--- START ---

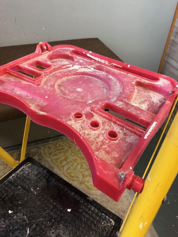 Folds up flat for storage too good shape, comes with paint splatter.
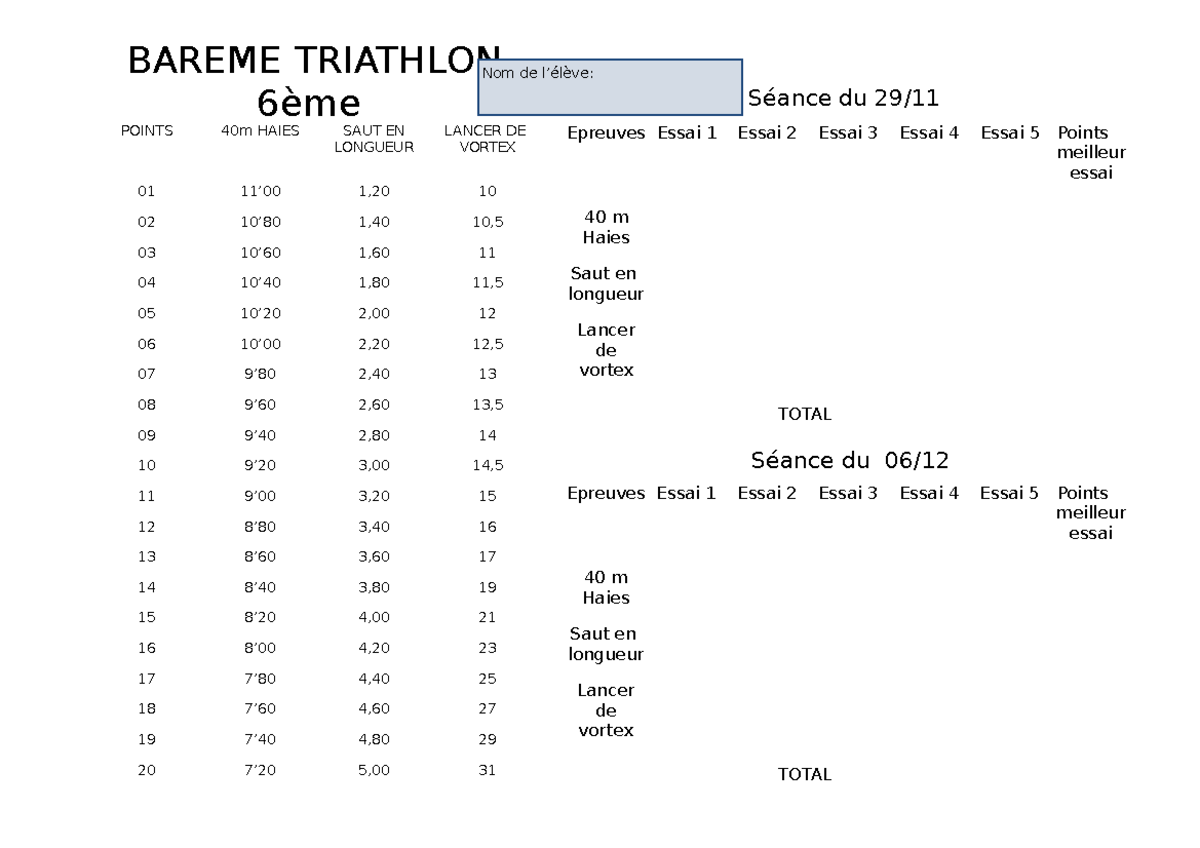 Copie de triathlon grille - BAREME TRIATHLON 6ème Epreuves Essai 1
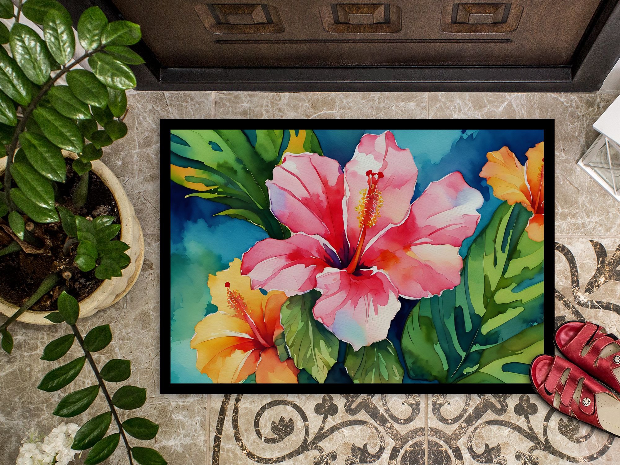 NEW Hawaii Hawaiian Hibiscus in Watercolor Doormat Front Door Mat Indoor Outdoor Rugs for Entryway, Non Slip Washable Low Pile, 18H X 27W NEW Hawaii Hawaiian Hibiscus in Watercolor Doormat Front Door Mat Indoor Outdoor Rugs for Entryway, Non Slip Washable Low Pile, 18H X 27W NEW Hawaii Hawaiian Hibiscus in Watercolor Doormat Front Door Mat Indoor Outdoor Rugs for Entryway, Non Slip Washable Low Pile, 18H X 27W
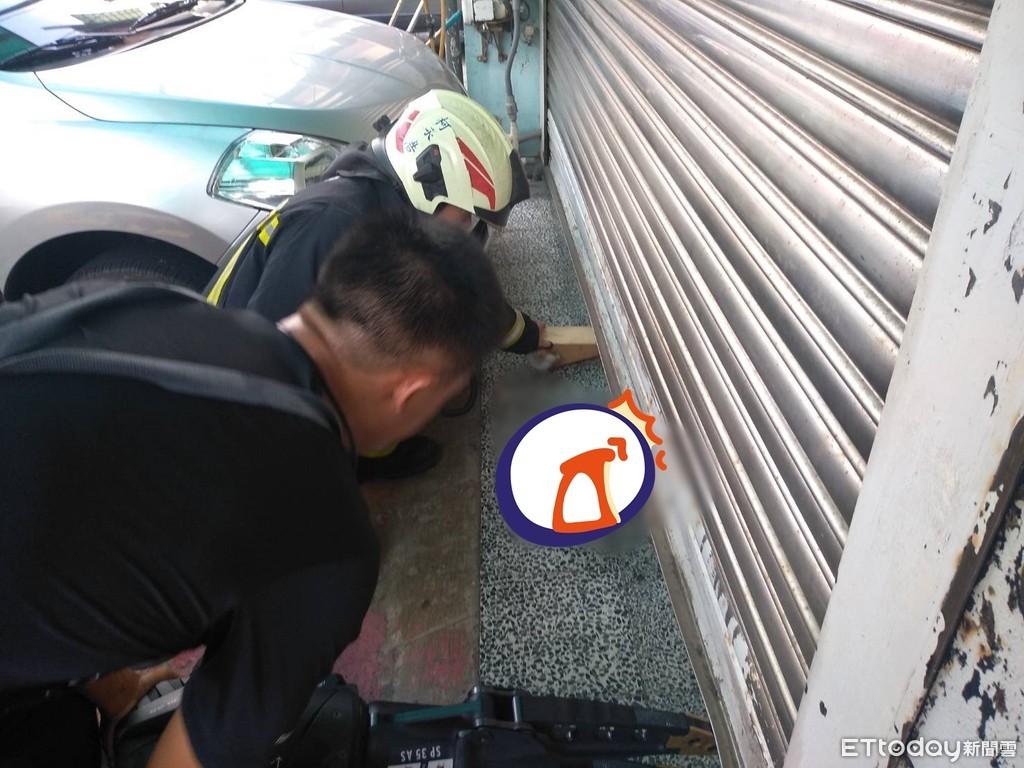▲桃園市大園區14日清晨發生78歲婦人被鐵捲門壓住,警消到場全力搶救。(圖/記者沈繼昌翻攝)
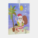 El navidad Summer Santa Beach Holidays Personalized Ornament cuenta con una hermosa playa de Navidades de verano con Santa Tropical con palmeras festivas y snowman de arena en la playa. Personalizado editando el texto en el cuadro de texto proporcionado. Ideal para los que celebran un Navidad tropical o de verano. Diseñado por ©Evco Holidays www.zazzle.com/store/evcoholidays

--- END ---

Work order: Starting at the line that holds "Copie de triathlon", copy each line exactly through the end of the listing, both ends included. Leave the pictures out.

Task solution:
 Copie de triathlon grille - BAREME TRIATHLON 6ème Epreuves Essai 1
 NEW Hawaii Hawaiian Hibiscus in Watercolor Doormat Front Door Mat Indoor Outdoor Rugs for Entryway, Non Slip Washable Low Pile, 18H X 27W NEW Hawaii Hawaiian Hibiscus in Watercolor Doormat Front Door Mat Indoor Outdoor Rugs for Entryway, Non Slip Washable Low Pile, 18H X 27W NEW Hawaii Hawaiian Hibiscus in Watercolor Doormat Front Door Mat Indoor Outdoor Rugs for Entryway, Non Slip Washable Low Pile, 18H X 27W
▲桃園市大園區14日清晨發生78歲婦人被鐵捲門壓住,警消到場全力搶救。(圖/記者沈繼昌翻攝)
 El navidad Summer Santa Beach Holidays Personalized Ornament cuenta con una hermosa playa de Navidades de verano con Santa Tropical con palmeras festivas y snowman de arena en la playa. Personalizado editando el texto en el cuadro de texto proporcionado. Ideal para los que celebran un Navidad tropical o de verano. Diseñado por ©Evco Holidays www.zazzle.com/store/evcoholidays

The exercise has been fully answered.